Stored items
◆ ◆ ◆ ◆ ◆
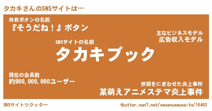 | 男性向けラノベタイトル風あだ名 | 『タカキアートオンライン』 |
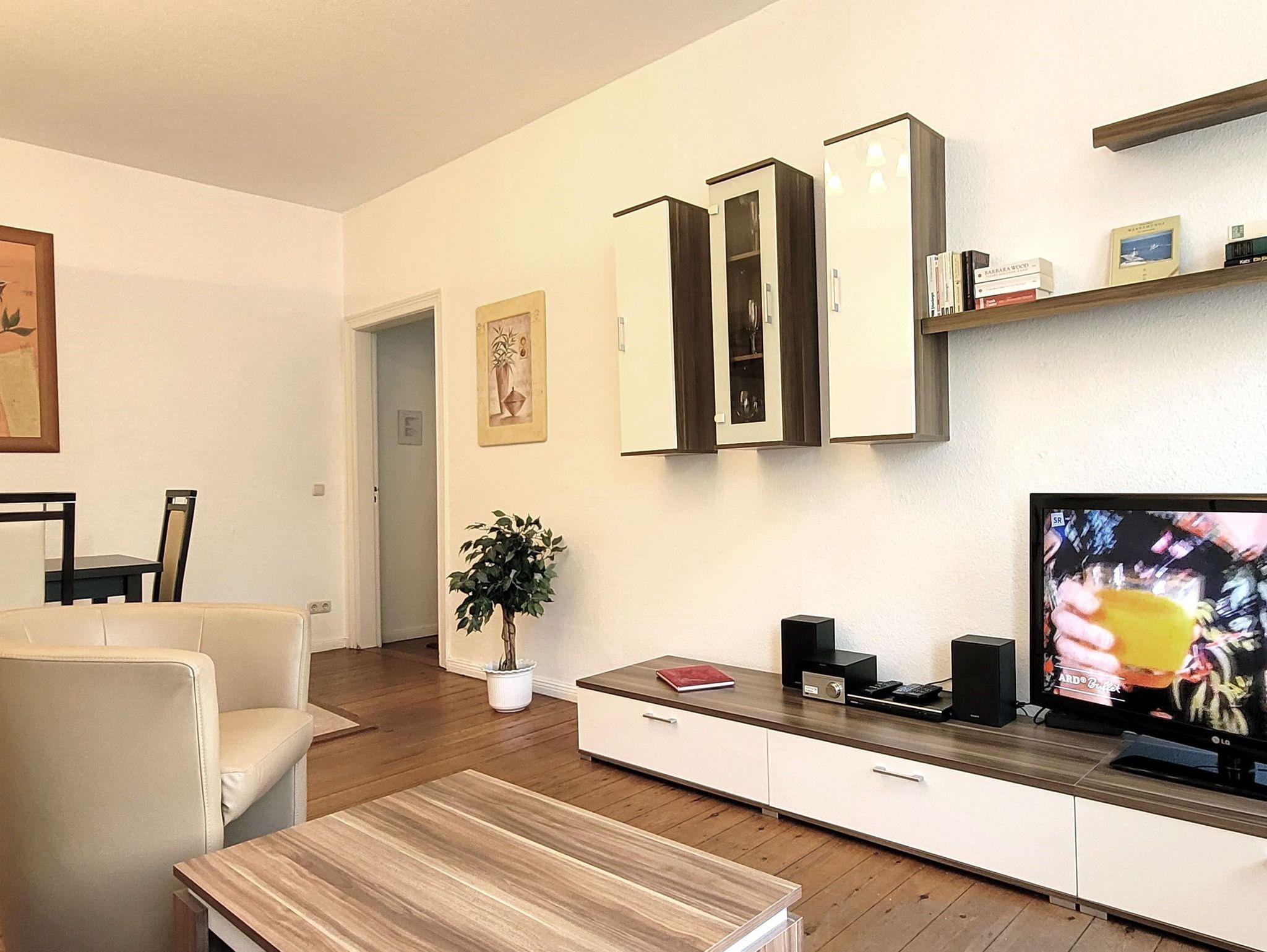 Modern eingerichtete Ferienwohnung für 2 Personen. Nach Absprache können 2 weitere Personen auf dem Schlafsofa im Wohnzimmer übernachten. Im Wohnzimmer befinden sich ebenfalls eine gemütliche Sitzecke sowie ein Essbereich. Ihnen stehen ein 42 ? Flachbildfernseher im Wohnzimmer zur Verfügung und ein weiterer, etwas kleinerer Flatscreen im Schlafzimmer. Das Schlafzimmer ist zusätzlich mit Doppelbett und großem Schlafzimmerschrank ausgestattet.
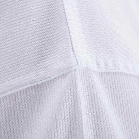 Därför har vi till denna dobok valt ett vävt material som faller inom ramen för taekwondons traditionella regler. Och för att den ska sitta mer bekvämt, vara lättare och mer slitstark, består materialet av 65 % bomull och 35 % polyester. Dessutom torkar den snabbare!
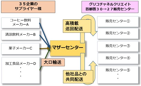 首都圏における「オフィスグリコ」の製品供給は、これまでサプライヤー各社が首都圏に30あるグリコチャネルクリエイトの販売センターへそれぞれ高頻度の小口配送をしており、荷降ろしも手作業で行うため作業者への負担がかかっていました。今回、マザーセンターを立ち上げ、マザーセンターから各販売センターに巡回配送する方法に変更したことで、納品頻度を高めながら、配送車両の大幅な台数削減とCO₂排出量削減を実現しました。また、販売センターで余分な在庫保管が不要になり、空いたスペースに近隣の販売センターの在庫を保管するなど、販売センターの集約にもつながりました。荷役作業効率を考慮し、マザーセンターへの納品はパレット、マザーセンターから各販売センターへはカゴ台車を使用することで、荷降ろしの手作業と時間を削減しました。さらに、一部エリアでは他社製品と共同配送を行うことで、配送効率の向上を図っています。
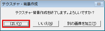 表示された[テクスチャ・背景作成]で、[はい]をクリックして作業を終了します。
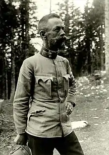 En octubre de 1917, estaba inspeccionando las trincheras de la línea de frente cuando un proyectil de artillería italiano alcanzó su posición, matándolo. A instancias personales del anterior Jefe de Estado Mayor General, Franz Conrad von Hötzendorf, su cuerpo fue devuelto a su familia en Viena.[1][2][4] Se construyó un memorial por él cerca del lugar donde murió.[5]
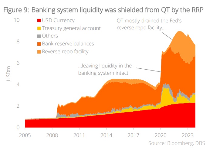QT had a “shock absorber”. Banking system liquidity had remained unscathed since the start of QT in mid-2022 largely due to the presence of the Fed’s reverse repo facility (RRP), which shielded systemic liquidity from drawdown. This we believe has supported the functioning of Treasury markets thus far. This RRP facility is set to be drained by June 2024, and unless the Fed tapers QT, bank reserves could rapidly decline after, affecting systemic liquidity. We are cognizant that the 2019 repo crisis was caused by reserve balances dropping below viable levels in the previous QT cycle.
◆ ◆ ◆ ◆ ◆
## What you have to do
Your answer is all of the records restated word for word, pictures excluded.

## Task result
 | 男性向けラノベタイトル風あだ名 | 『タカキアートオンライン』 |
 Modern eingerichtete Ferienwohnung für 2 Personen. Nach Absprache können 2 weitere Personen auf dem Schlafsofa im Wohnzimmer übernachten. Im Wohnzimmer befinden sich ebenfalls eine gemütliche Sitzecke sowie ein Essbereich. Ihnen stehen ein 42 ? Flachbildfernseher im Wohnzimmer zur Verfügung und ein weiterer, etwas kleinerer Flatscreen im Schlafzimmer. Das Schlafzimmer ist zusätzlich mit Doppelbett und großem Schlafzimmerschrank ausgestattet.
 Därför har vi till denna dobok valt ett vävt material som faller inom ramen för taekwondons traditionella regler. Och för att den ska sitta mer bekvämt, vara lättare och mer slitstark, består materialet av 65 % bomull och 35 % polyester. Dessutom torkar den snabbare!
 首都圏における「オフィスグリコ」の製品供給は、これまでサプライヤー各社が首都圏に30あるグリコチャネルクリエイトの販売センターへそれぞれ高頻度の小口配送をしており、荷降ろしも手作業で行うため作業者への負担がかかっていました。今回、マザーセンターを立ち上げ、マザーセンターから各販売センターに巡回配送する方法に変更したことで、納品頻度を高めながら、配送車両の大幅な台数削減とCO₂排出量削減を実現しました。また、販売センターで余分な在庫保管が不要になり、空いたスペースに近隣の販売センターの在庫を保管するなど、販売センターの集約にもつながりました。荷役作業効率を考慮し、マザーセンターへの納品はパレット、マザーセンターから各販売センターへはカゴ台車を使用することで、荷降ろしの手作業と時間を削減しました。さらに、一部エリアでは他社製品と共同配送を行うことで、配送効率の向上を図っています。
 表示された[テクスチャ・背景作成]で、[はい]をクリックして作業を終了します。
 En octubre de 1917, estaba inspeccionando las trincheras de la línea de frente cuando un proyectil de artillería italiano alcanzó su posición, matándolo. A instancias personales del anterior Jefe de Estado Mayor General, Franz Conrad von Hötzendorf, su cuerpo fue devuelto a su familia en Viena.[1][2][4] Se construyó un memorial por él cerca del lugar donde murió.[5]
QT had a “shock absorber”. Banking system liquidity had remained unscathed since the start of QT in mid-2022 largely due to the presence of the Fed’s reverse repo facility (RRP), which shielded systemic liquidity from drawdown. This we believe has supported the functioning of Treasury markets thus far. This RRP facility is set to be drained by June 2024, and unless the Fed tapers QT, bank reserves could rapidly decline after, affecting systemic liquidity. We are cognizant that the 2019 repo crisis was caused by reserve balances dropping below viable levels in the previous QT cycle.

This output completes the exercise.